The left panel shows a temperature ladder on the vertical axis, with the glass transition \(T_g\) and melt point \(T_m\) marked, and roughly a hundred oscillator dots clustered around a centerline. Press Melt & release and the dots rise to the molten band, scatter with equilibrium disorder, then descend as \(T\) ramps down over your chosen cooling time. Slower cools give the lattice time to track equilibrium at each falling temperature, so the dots converge tightly onto the centerline: a crystal. Faster cools yank \(T\) down before the dots can follow, and they lock into whatever spread they happened to have when they crossed \(T_g\): a glass. The right panel accumulates one point per run, plotting frozen spread in cents against the logarithm of the cooling time you used, tracing the rate law from the previous section as you experiment. The readouts on load are pinned to Anneal's own documented 8-second-cool result (0.95 cents, \(T_f\) 0.526, CRYSTAL) before you run anything, so the starting numbers on this page match the product's own measured behavior exactly.

Honesty

What Anneal does and does not simulate.

The thesis is structural isomorphism, not science as decoration, and that demands precision about the claim. Anneal implements the Tool–Narayanaswamy–Moynihan model at the level real glass physicists use it for a single order parameter: an Arrhenius relaxation time, a fictive-temperature drift equation, and an exact Ornstein–Uhlenbeck update for the disorder itself. None of that is a metaphor. The recursion is the same one written in glass-science papers, run per lattice site, in double precision, unconditionally stable regardless of how fast you sweep RATE.

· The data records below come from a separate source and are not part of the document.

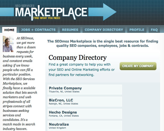 The SEOmoz Marketplace, born in early 2007, passed away peacefully in January 2012. Cause of death: Old, out-dated code, 5 year old design, manual spam maintenance and was ridden with unfixable bugs. The Marketplace lived a very full life and helped many people find their perfect SEO job, while giving companies a place to show their stuff. Our dear Marketplace was loved by all and spammed by many.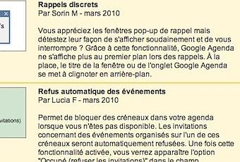 Trois nouvelles fonctionnalités ont été ajoutées à la section «Labs» de Google Agenda: les icônes Agenda, les rappels discrets et le refus automatique des événements. Curieusement, uniquement les deux dernières fonctionnalités sont présentes sur la version française.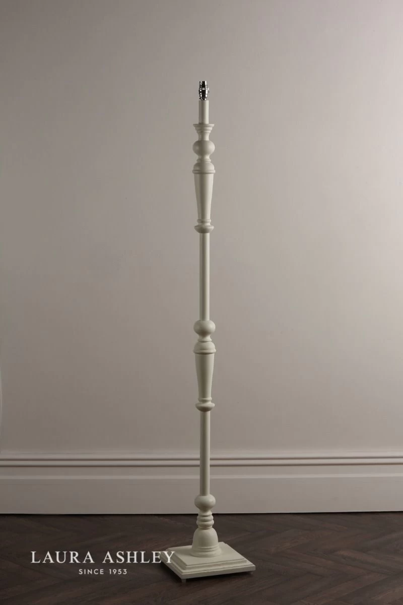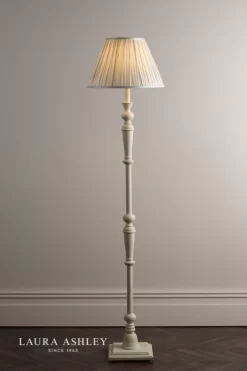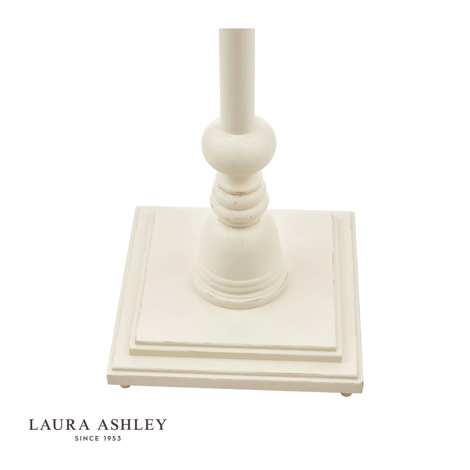 A traditional candlestick style floor light, the hand-finished wooden Tate column floor lamp from Laura Ashley will stand proud in your living area. Position by a comfortable chair for reading. Made of turned wood, with a square base, it is painted in an off-white colour with a distressed effect.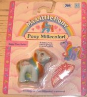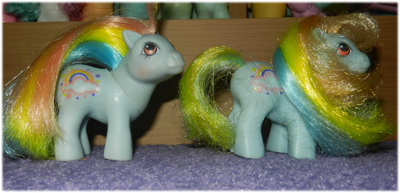 Baby Sunribbon is actually the prettiest pony in the set in my opinion. Although she does not have a colour variation as such, there are versions of her with the silkier straight hair that is seen on Blue Hair baby Starbow, making me think that it's possible this set have a first and second edition release as well. My Baby Sunribbon is the only one from the set I bought second hand, but she came from a sale here in the UK. Her hair is a mix of straight and curly, like my sister's store bought Starbow and my Rain Ribbon, which makes me think she belongs with them in terms of origin/release. The one in the MOC picture, however, looks to have straight hair at the front, so it's hard to know for sure.

What is a design choice, not a physical derivation: the decision to express configurational deviation in cents of detune rather than a generic dimensionless order parameter, so the disorder is audible as pitch spread rather than requiring translation. The reduced temperature units, where \(T_g \approx 0.535\) and \(T_m = 0.80\) sit at specific fractions of a 0–100% knob throw, are chosen for a musically useful range on a MIDI controller, not measured from any particular real glass. And the sigmoid width \(W = 0.05\) that gives the melt point its sharpness is a deliberate design decision about how abrupt melting should feel under the hand, not a fit to a specific material's heat capacity curve.

That boundary is the point, not a hedge. A mapping earns its physics by producing a discernible, lawful difference in the sound, and the test is whether changing RATE changes the frozen spread the way the exponential relaxation law says it should. It does, by close to a twenty-to-one ratio across the knob's range. The mechanism transfers; the specific material constants were never claimed to.

References

Source material.

  • Tool, A. Q. (1946). "Relation between inelastic deformability and thermal expansion of glass in its annealing range." Journal of the American Ceramic Society 29(9), 240-253.
  • Narayanaswamy, O. S. (1971). "A model of structural relaxation in glass." Journal of the American Ceramic Society 54(10), 491-498.
  • Moynihan, C. T., Easteal, A. J., DeBolt, M. A., and Tucker, J. (1976). "Dependence of the fictive temperature of glass on cooling rate." Journal of the American Ceramic Society 59(1-2), 12-16.
  • Debenedetti, P. G., and Stillinger, F. H. (2001). "Supercooled liquids and the glass transition." Nature 410, 259-267.